If you’re using a Tugboat-provided image, outgoing email generated within your Preview should forward to our SMTP proxy. Tugboat captures that outgoing email, and displays it in Captured Mail when you click into a Preview. This makes it possible for you to verify that email is sending as expected.
Tugboat-provided images send outbound email through the Tugboat SMTP proxy by default. If you are using your own image, or your codebase does not use the underlying operating system mail configuration, use the \$TUGBOAT_SMTP Environment Variable to ensure that Tugboat is able to properly capture your outbound email.
Tugboat makes a best-effort attempt at capturing outbound email. Commonly used outbound SMTP ports (25, 465, 587, and 2525) are blocked, and any mail sent through the Tugboat SMTP proxy (on ports 25 and 587) is captured for display with the Preview that sent it.
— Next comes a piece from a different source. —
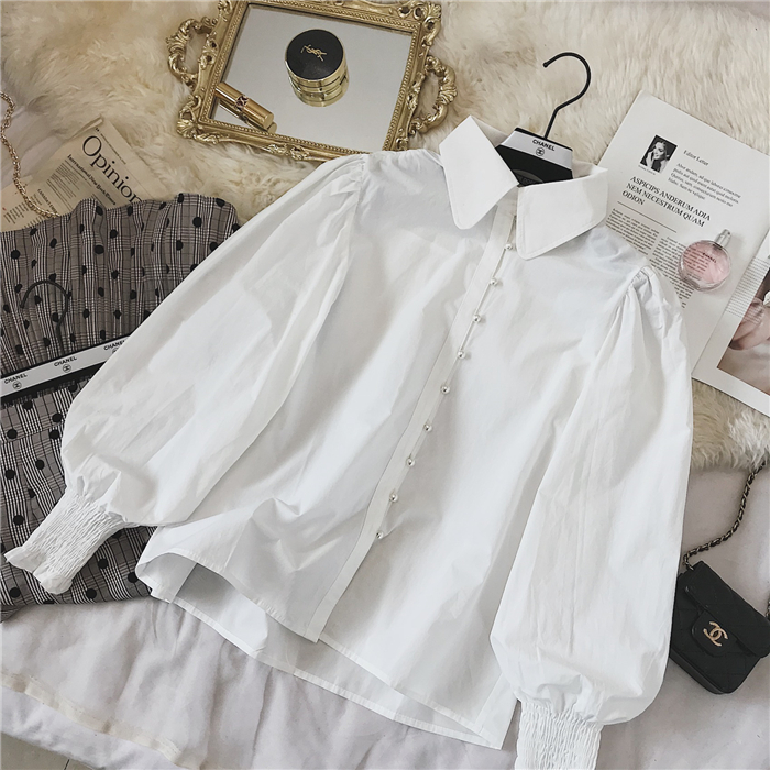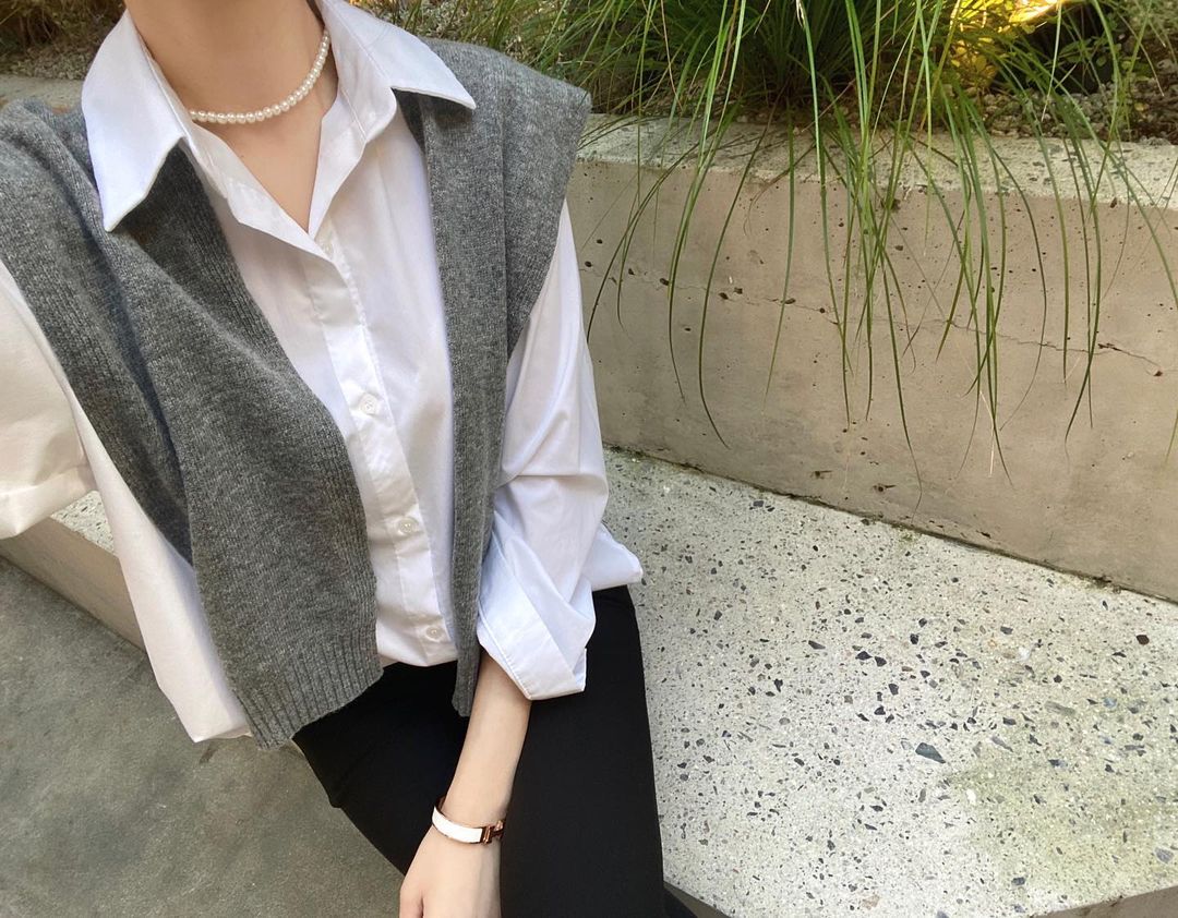 원피스에 어울리는 화이트블라우스엔 진주 단추가 달렸네요.

As with the Project and Repository views, when you drill down into a Preview, you can view Preview Statistics. These statistics illustrate things like how the size of the Preview has changed over time, as well as how the average build time and average refresh time has changed. These are useful metrics to spot changes that might indicate regressions, or opportunities to optimize your web app or website to reduce asset size or improve build and deploy speeds.
When you click into the drop-down at the upper right-hand corner of the Preview Statistics pane, you can change the view. Options include Day, Week, Month, and Year.